İşte meselâ Leylâ Zana ile Başbakanın görüşmesi!.. Durduk yerde Leylâ Zana çıkıyor ve silâhların susmasının zamanının geldiğine dair açıklamalar yapıyor. Eski fikirlerinden çok farklı açıklamalar bunlar!.. Ama Başbakanla görüşmesinin ardından yaptığı konuşma bize, yeni Zanayı değil, eski Zanayı çağrıştırıyor. Vâki görüşme için hem Başbakan, hem Leylâ Zana özel kıyafet tasarımları ile karşımıza çıktığı halde de maalesef bu böyle oluyor, yani ilgili buluşmayı kurgulayanlar işin bu noktasına kadar planladıkları halde, sonuç değişmiyor. Peki bu durumu nasıl karşılamak gerekir?

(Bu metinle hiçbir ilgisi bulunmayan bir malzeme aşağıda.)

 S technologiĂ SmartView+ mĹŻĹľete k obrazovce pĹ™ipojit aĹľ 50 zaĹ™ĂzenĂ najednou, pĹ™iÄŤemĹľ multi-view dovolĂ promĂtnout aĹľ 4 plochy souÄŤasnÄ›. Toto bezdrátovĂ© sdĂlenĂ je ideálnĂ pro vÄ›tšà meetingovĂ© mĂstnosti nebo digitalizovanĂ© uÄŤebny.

Kimileri diyor ki; Perşembenin gelişi Çarşambadan belli idi. Dolayısıyla sonucun böyle olmasına asla şaşırmamak gerekir.
Kimileri diyor ki; Zana, Başbakan Erdoğana müthiş bir gol attı!..

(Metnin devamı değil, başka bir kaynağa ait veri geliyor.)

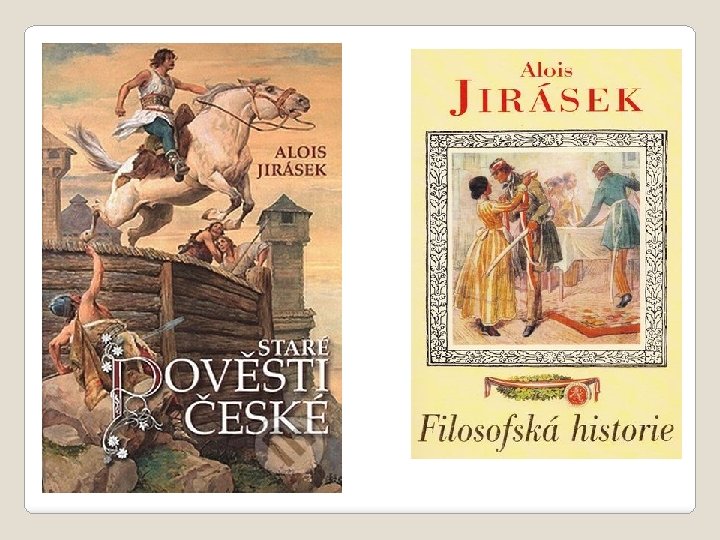 Alois Jirásek 1851 - 1930 nar. v Hronově prof. gymnázia v Litomyšli ženat – 7 dětí ( 6 dcer a 1 syna) přesídlil do Prahy zachytil naše dějiny od mýtických dob do národního obrození podporoval samostatnou republiku pohřben v Hronově – na pohřbu také TGM dodnes Jiráskův Hronov – přehlídka amatérského divadla
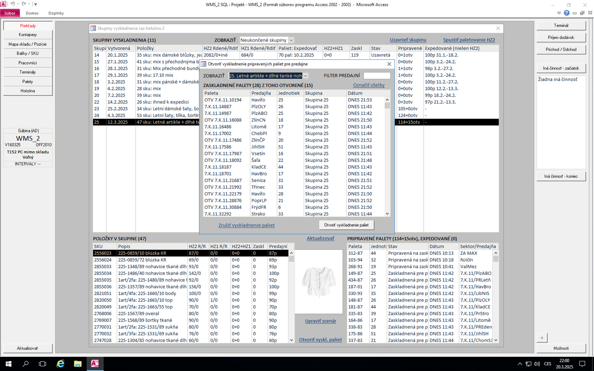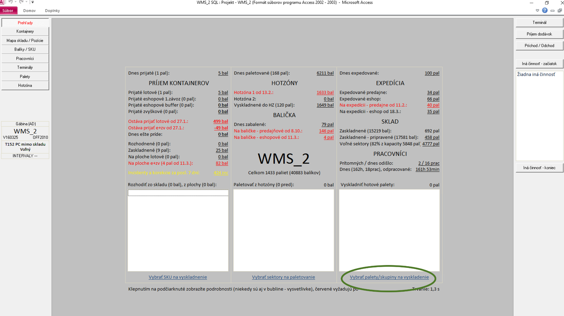 Po vypaletování a zabalení palet se připravené palety zaskladní na pozice skladu. Pokud palety nejsou zaskladněné na pozicích, nedají se pustit k expedici. Pro expedici palet skupiny se palety otevřou přes "otvoriť vyskl.palet". Po výběru konkrétní skupiny z filtru je možné otevřít jen konkrétní palety nebo jednoduše označit všechny palety skupiny. Stav palety v systému se změní na "pripravená na expedíciu" a pracovníci skladu ji mohou expedovat.

Kimileri de diyor ki; Zana ile yapılan görüşme böyle bir sonuç verdiğine göre, gerisini varın siz hesap edin!.. Demek ki PKK veya Kandille hiçbir müzakereye girişmemek gerekirmiş. Nitekim görmüyor musunuz? Karayılan gibileri ayağının üstünde dokuz yalan söylüyor. Hangi sözüne inanır, verdiği hangi teminata bel bağlarsınız? Daha açığı da ne PKK ile ne de onun sivil sözcüleri ile asla bir müzakere yapılamaz.
Kuşkusuz bu gelişmelerden bu tür sonuçlar çıkarmak bize de zor gelmiyor. Daha ötede bu mantığın kuvveti karşısında şapka çıkarmak zorunda da kalıyoruz. İkinci bir husus olarak da buradan, PKKya dönük askeri mücadeleye kesintisiz devam zarureti hasıl oluyor.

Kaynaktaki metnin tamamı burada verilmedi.